> Input material:
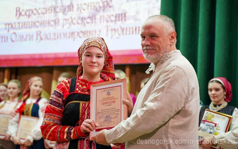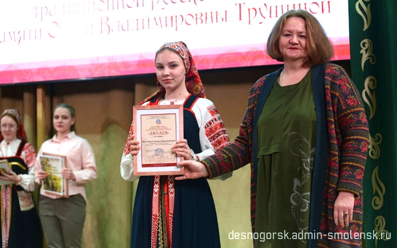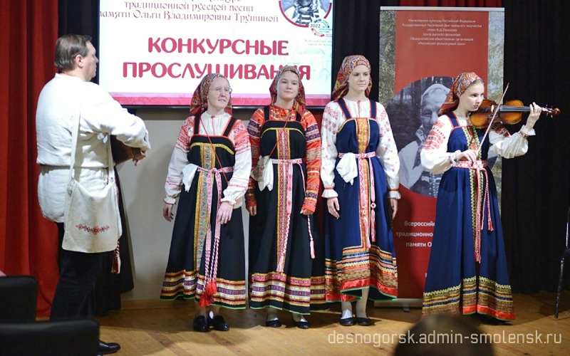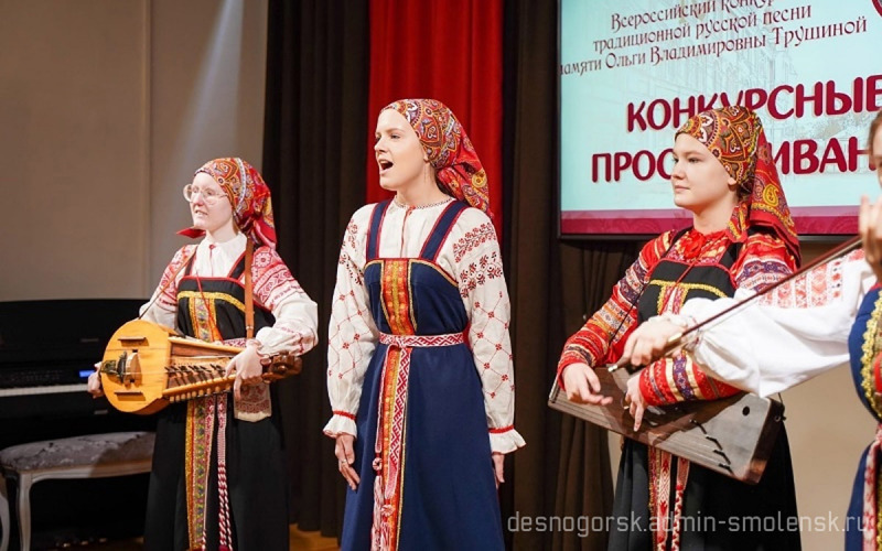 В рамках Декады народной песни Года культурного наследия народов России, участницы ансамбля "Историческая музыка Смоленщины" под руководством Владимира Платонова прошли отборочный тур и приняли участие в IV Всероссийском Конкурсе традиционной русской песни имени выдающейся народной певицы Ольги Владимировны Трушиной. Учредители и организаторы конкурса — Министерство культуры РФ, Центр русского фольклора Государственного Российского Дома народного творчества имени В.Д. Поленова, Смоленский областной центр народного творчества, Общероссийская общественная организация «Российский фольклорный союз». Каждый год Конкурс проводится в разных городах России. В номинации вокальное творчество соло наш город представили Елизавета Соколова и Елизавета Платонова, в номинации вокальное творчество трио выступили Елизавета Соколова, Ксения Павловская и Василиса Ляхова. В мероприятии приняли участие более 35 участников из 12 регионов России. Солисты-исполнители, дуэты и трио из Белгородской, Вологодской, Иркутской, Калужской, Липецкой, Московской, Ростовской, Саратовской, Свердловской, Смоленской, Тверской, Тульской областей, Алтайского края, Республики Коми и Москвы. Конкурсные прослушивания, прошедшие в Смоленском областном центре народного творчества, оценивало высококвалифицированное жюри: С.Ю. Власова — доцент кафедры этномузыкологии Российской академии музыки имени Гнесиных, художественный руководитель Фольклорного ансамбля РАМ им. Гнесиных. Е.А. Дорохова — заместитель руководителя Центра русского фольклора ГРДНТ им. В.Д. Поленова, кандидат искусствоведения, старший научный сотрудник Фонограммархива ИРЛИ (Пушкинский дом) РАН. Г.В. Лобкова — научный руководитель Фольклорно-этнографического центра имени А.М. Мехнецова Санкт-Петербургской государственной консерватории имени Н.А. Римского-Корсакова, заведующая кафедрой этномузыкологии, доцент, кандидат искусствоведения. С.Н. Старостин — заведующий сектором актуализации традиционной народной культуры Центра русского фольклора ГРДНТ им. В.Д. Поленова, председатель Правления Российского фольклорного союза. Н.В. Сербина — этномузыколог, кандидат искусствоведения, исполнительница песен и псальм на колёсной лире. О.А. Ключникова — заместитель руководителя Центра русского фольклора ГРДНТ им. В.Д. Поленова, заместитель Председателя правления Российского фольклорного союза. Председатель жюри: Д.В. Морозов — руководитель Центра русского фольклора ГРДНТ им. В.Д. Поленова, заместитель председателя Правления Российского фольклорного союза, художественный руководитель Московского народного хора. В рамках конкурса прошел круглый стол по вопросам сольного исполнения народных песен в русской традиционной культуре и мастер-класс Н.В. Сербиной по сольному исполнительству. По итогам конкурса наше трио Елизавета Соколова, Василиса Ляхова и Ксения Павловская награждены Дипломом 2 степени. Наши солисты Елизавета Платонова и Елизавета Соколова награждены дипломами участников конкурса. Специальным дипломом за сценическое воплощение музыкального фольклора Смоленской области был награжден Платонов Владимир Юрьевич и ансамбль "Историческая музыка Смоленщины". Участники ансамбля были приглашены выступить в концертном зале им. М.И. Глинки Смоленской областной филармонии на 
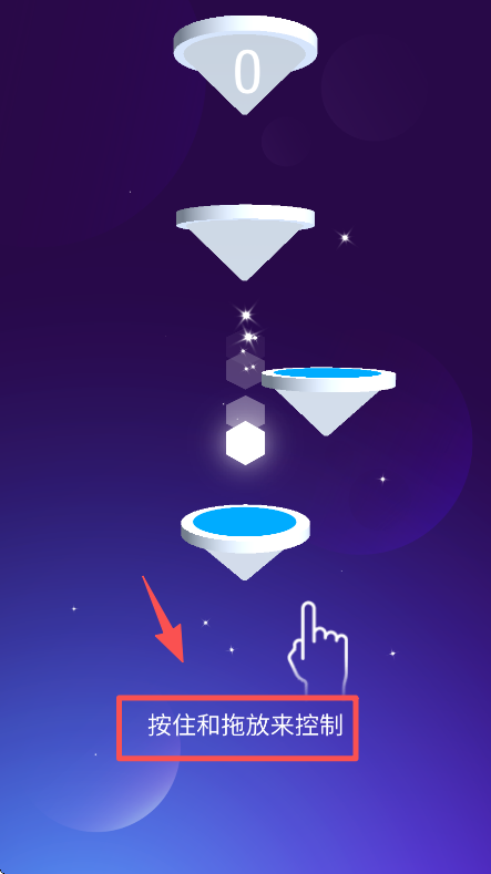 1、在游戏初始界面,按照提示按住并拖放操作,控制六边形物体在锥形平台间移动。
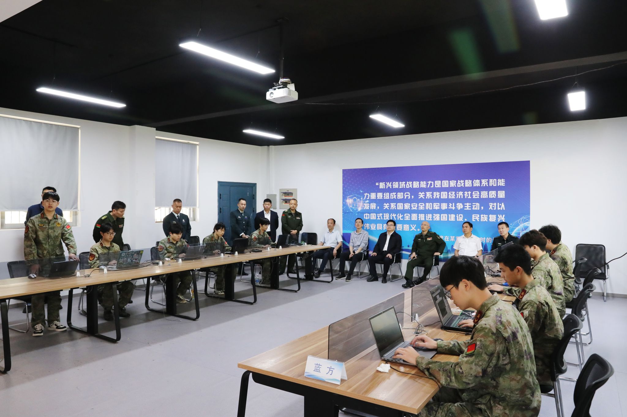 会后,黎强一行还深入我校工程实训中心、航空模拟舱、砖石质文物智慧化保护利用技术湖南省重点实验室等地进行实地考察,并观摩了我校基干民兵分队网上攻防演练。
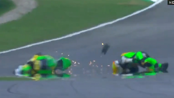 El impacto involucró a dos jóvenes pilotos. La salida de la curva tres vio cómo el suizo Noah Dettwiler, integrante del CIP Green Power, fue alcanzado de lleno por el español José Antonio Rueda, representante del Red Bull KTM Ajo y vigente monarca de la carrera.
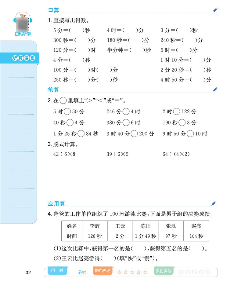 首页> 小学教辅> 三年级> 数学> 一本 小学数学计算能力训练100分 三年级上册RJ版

---

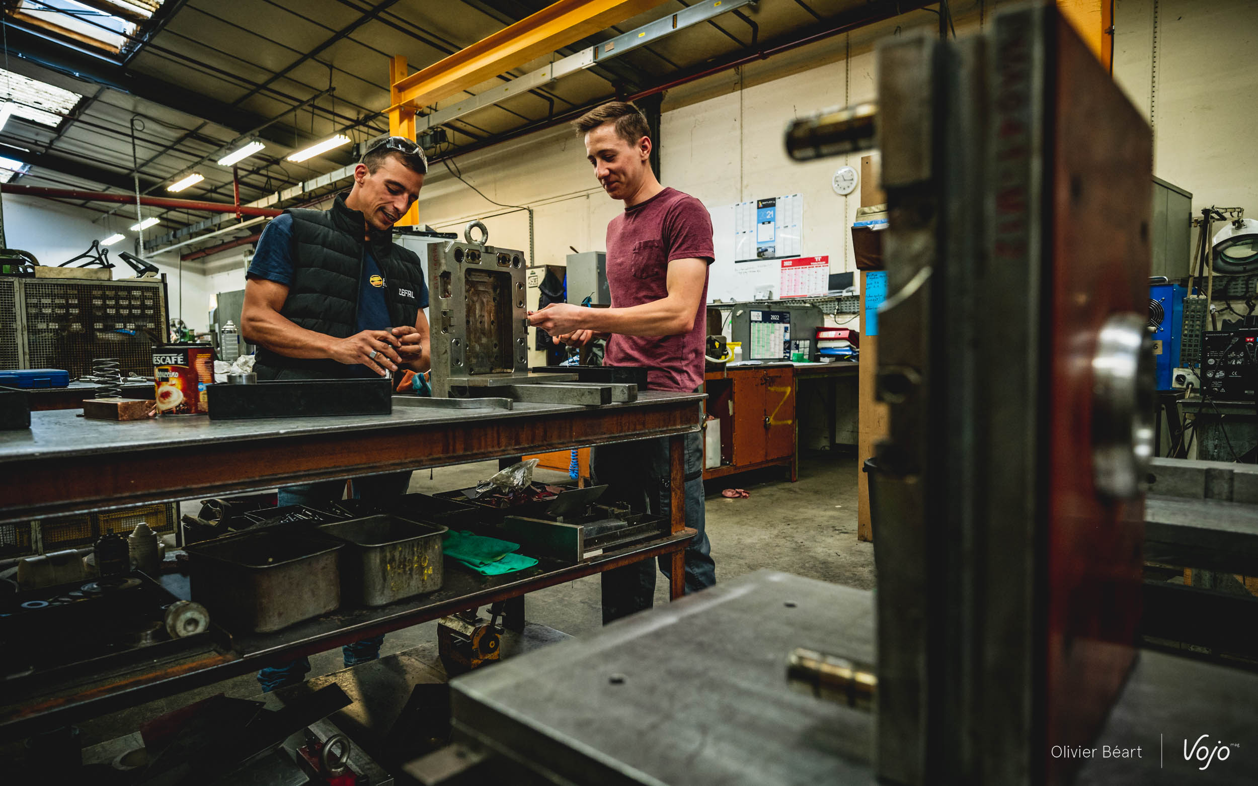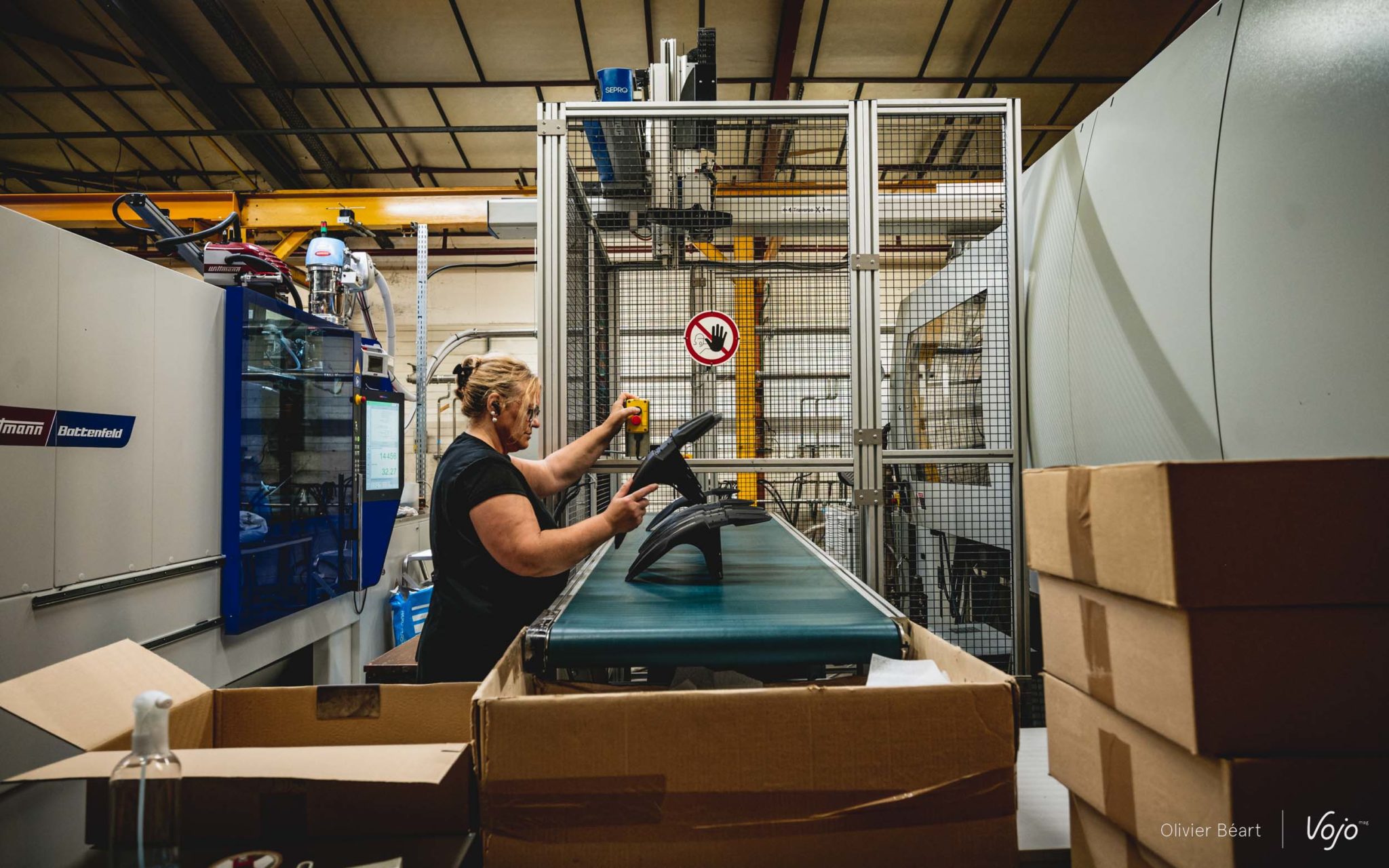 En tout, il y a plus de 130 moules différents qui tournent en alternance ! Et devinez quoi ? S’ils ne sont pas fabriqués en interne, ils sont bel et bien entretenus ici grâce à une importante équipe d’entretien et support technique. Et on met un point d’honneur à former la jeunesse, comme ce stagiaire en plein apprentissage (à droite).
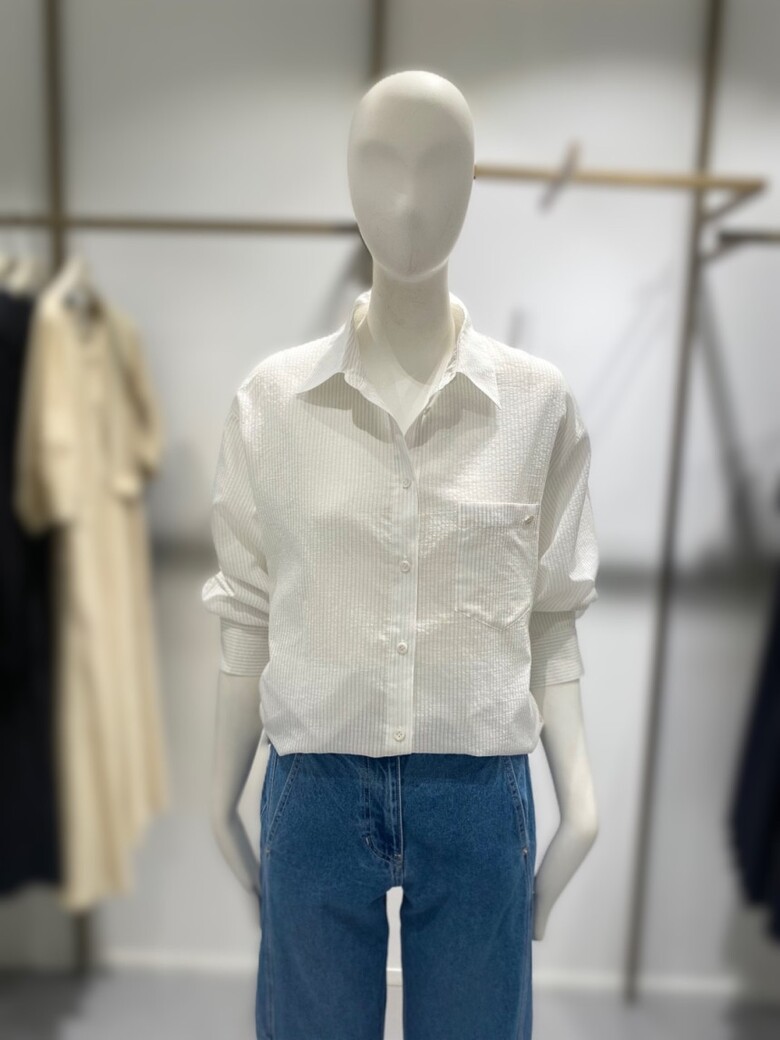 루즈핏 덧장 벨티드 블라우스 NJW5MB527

> Problem requirements: Reproduce, exactly and only, the lines of the records above starting at the line with "El impacto involucró" and ending at the line with "首页> 小学教辅> 三年级>", both included. Leave every picture out.

> Answer to this problem:
 El impacto involucró a dos jóvenes pilotos. La salida de la curva tres vio cómo el suizo Noah Dettwiler, integrante del CIP Green Power, fue alcanzado de lleno por el español José Antonio Rueda, representante del Red Bull KTM Ajo y vigente monarca de la carrera.
 首页> 小学教辅> 三年级> 数学> 一本 小学数学计算能力训练100分 三年级上册RJ版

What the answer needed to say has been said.